Кузнец – Демьян, вдруг вспомнила Дуня, поднял голову, и Дуня впервые увидела его глаза – воспаленные, красные, вряд ли от слез, скорее от многолетнего труда у горящего горна.
– Удушила мою дочку-то. Как пропала – мать все по лесу бегала, аукала. Мимо избы той проходила, а ведать не ведала, где доченька. А та, может, живая еще была… – И он опять уронил голову на руки, а Дуня беспомощно оглянулась на де Бриака.
– Я ничего не понял, кроме того, что он пьян. – Француз вздохнул. – Полагаю, многого нам сейчас от него не добиться. Пойдемте, княжна.
Дуня, как слепая за поводырем, вышла следом за ним под полуденное солнце. После кузни, где несчастье, как пепел, стояло в спертом воздухе, воздух показался ей сладок и свеж. Де Бриак же задумчиво щурился, глядя на раскинувшуюся в некотором отдалении деревню. Кроме привычного для Дуни лая собак и драчливых перекличек петухов, она показалась ей тише обычного.
– Сколько здесь домов? – спросил он.
– Чуть больше двадцати, – ответила Дуня и подумала про себя: и в каждом из них может быть убийца девочек. Что-то показалось ей в словах кузнеца странным, и Авдотья нахмурилась, пытаясь припомнить все в точности. – Он сказал «удушила», – произнесла она вслух и тут же перевела для артиллериста: – «Удушила» – в женском роде. Будто знал, что убийца – женщина. И еще: девочка пропала уже несколько дней как – все думали, заблудилась.
– Вам надобно побеседовать с ее матерью, – вздохнул он. – Матери всегда знают больше отцов.
– Я… я не хочу! – вырвалось у Дуни.
Но, взглянув в лицо де Бриака, осеклась. Шляпы он так и не надел и потому казался каким-то очень домашним – с длинными ненапомаженными прядями иссиня-черных волос, без всякого кокетства заправленными за уши. Потемневшее, будто ставшее еще более смуглым со вчерашнего дня лицо его выражало глухую решимость.

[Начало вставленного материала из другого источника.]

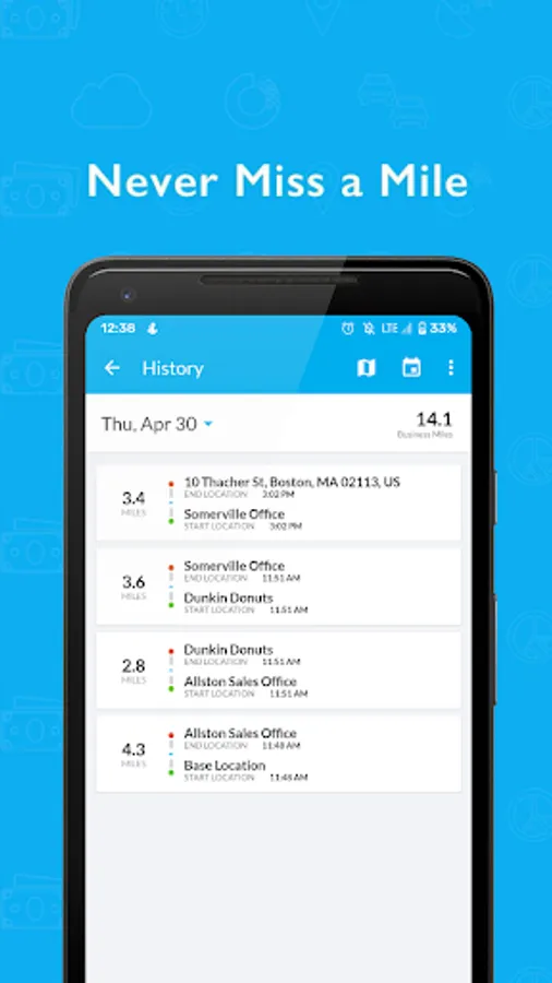 - “Set it and forget it” - set your business hours to automatically track business mileage throughout your day

– Поверьте, княжна, никто из нас не хочет заниматься этим делом. Но полиция вашей империи уже не функционирует на занятой нами территории. И Наполеону в его завоевательной кампании нет дела до смерти ребенка. Вы хозяйка вашим людям. Я хочу вам помочь.

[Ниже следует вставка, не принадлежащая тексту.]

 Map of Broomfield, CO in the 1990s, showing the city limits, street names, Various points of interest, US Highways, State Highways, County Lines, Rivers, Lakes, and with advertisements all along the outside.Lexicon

– Отчего? – нахмурилась Дуня. – Вам в том какая надобность?
– Потому что это ребенок, – повернулся он в профиль, и Дуня вновь ужаснулась огромному носу. А тот повторил, с глухой убежденностью: – Дети не должны умирать.

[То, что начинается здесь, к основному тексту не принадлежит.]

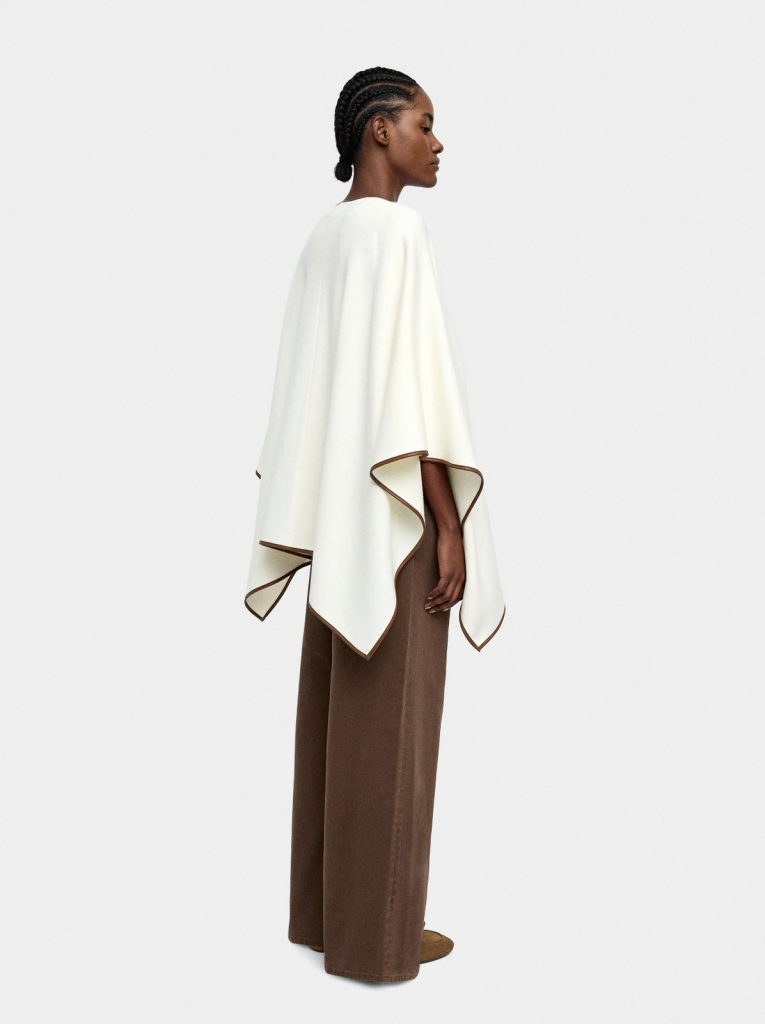 This knitted poncho is designed with visible stitching details that add texture and depth to its clean silhouette. Crafted from soft knit fabric, it offers warmth and comfort while remaining lightweight for easy layering. The white tone brings a fresh and versatile look, making it easy to style over both casual and semi-formal outfits. Ideal for transitional weather, this poncho blends simplicity with refined detailing.

– А ежели ее убили ваши солдаты? – закусила губу Авдотья. – В Приволье раньше никогда не убивали – разве что пьяные в драке.
Де Бриак резко развернулся к ней, и она заметила, как зарумянились смуглые скулы:
– Поверьте, княжна. Коль скоро выяснится, что виноват кто-то из моих солдат или офицеров… Ему не будет снисхождения.
– Вы его повесите? – тихо спросила Дуня.
Де Бриак пожал плечами:
– Или расстреляю. Для такого ни пули, ни веревки не жаль. – И добавил, легко поклонившись: – Мне бы не хотелось, княжна, втравлять в эту историю вашего батюшку, а тем паче ее сиятельство. Предлагаю пока обойтись собственными силами. Не откажетесь побеседовать со мной и Пустилье? Я прикажу денщику сварить кофе. Кроме того, ваша кухарка любезно поставляет мне масло и свежие… – Де Бриак чуть-чуть замялся, вспоминая заморское слово: – калатчи.
Дуня не выдержала и улыбнулась: вот же нахалка их Марфа – втихую обслуживает французов, да еще и любимыми папенькиными калачами с маком. А вслух сказала:
– Предлагаю поставить самовар в беседке. Через час.
Беседка – нейтральная территория. А часу будет довольно, чтобы сменить капот на пристойное платье и прибрать волосы.
* * *
Оказалось, что и де Бриак времени не терял: в беседке ее уже ждал нарядный офицер в синем, расшитом красными шнурами доломане. При ее появлении он вскочил, по-гусарски щелкнув начищенными до блеска сапогами «а-ля Суворов». Шляпа-двууголка лежала перед ним на столе, взятая только ради франтовства, ибо волосы француза были тщательно завиты, и было бы преступлением водрузить на столь прекрасную голову шляпу, мгновенно примявшую бы тугие локоны и тем испортив все впечатление. Впечатление, задуманное официальным, однако ж уведшее Дунины мысли в далекую от официальной сферы область: во-первых, княжна вновь отметила в уродливом французе некоторую чисто галльскую живость черт, а во-вторых, прямизну ног – редкую для Дуниных соотечественников, где сыны даже лучших родов страдали от последствий татарского нашествия.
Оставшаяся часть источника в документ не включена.